For the reporter component of the mixture, in addition to the above, the compounds should contain substituted aromatic moieties. For example, substituted benzene or naphthalene groups, with the substituents being chosen from the following: hydrogen, halide, nitro, nitrile, carboxylate, aldehyde, ester, ether, or alcohol groups.
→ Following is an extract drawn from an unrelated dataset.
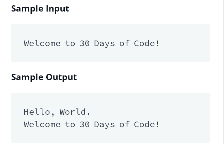 On the first line, we print the string literal Hello, World.. On the second line, we print the contents of the inputString variable which, for this sample case, happens to be Welcome to 30 Days of Code!. If you do not print the variable’s contents to stdout, you will not pass the hidden test case.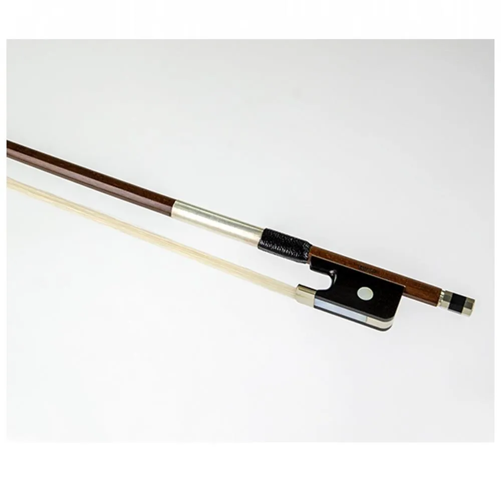 An excellent trio of materials combine beautifully to make these bows and exceptional experience. Massaranduba brazilwood for the stick, genuine ebony from tropical Africa for the frog and finest mother of pearl or iris for the eyes and slides. As Massaranduba is very heavy and hard, these bows lie particularly well in the hand of the musician. The dark black, very dense heart wood of the frog lends the play with these bows a pronounced harmonic tone.

All of the above reagents may be supplied in kits to perform assays with appropriate instructions to prepare the mixed monolayer ERL.

Claims

1. A Raman active reagent comprising;

a surface enhanced particle capable of causing surface enhanced Raman scattering;

said surface enhanced particle being substantially covered with a mixed monolayer derived from a Raman active reporter molecule and a binding molecule capable of binding to both the surface enhanced particle, and an antibody;

said reporter molecule being capable of providing a measurable Raman scattering signal when illuminated by an excitation source capable of inducing Raman scattering.

2. The reagent of claim 1 wherein the mixed monolayer is derived from two different thiols, one having bifunctionality.

3. The reagent of claim 2 wherein the one thiol having bifunctionality has a disulfide functional group and a succinimidyl functional group.

4. The reagent of claim 3 wherein the bifunctional thiol is dithiobis (succinimidyl propionate) (DSP).

5. The reagent of claim 1 supplied in a kit with instructions to prepare the reagent.

6. A method of preparing a Raman active reagent, comprising:

covering a nanoparticle of a material capable of causing surface enhanced Raman scattering with a mixed monolayer derived from a Raman active reporter molecule and an analyte binding molecule.

7. The method of claim 6 wherein the analyte binding molecule is an organic non-aromatic disulfide terminating in a succinimide moiety.

8. The method of claim 6 wherein the reporter molecule is a thiol selected from the group consisting of benzyl or naphyl based thiols.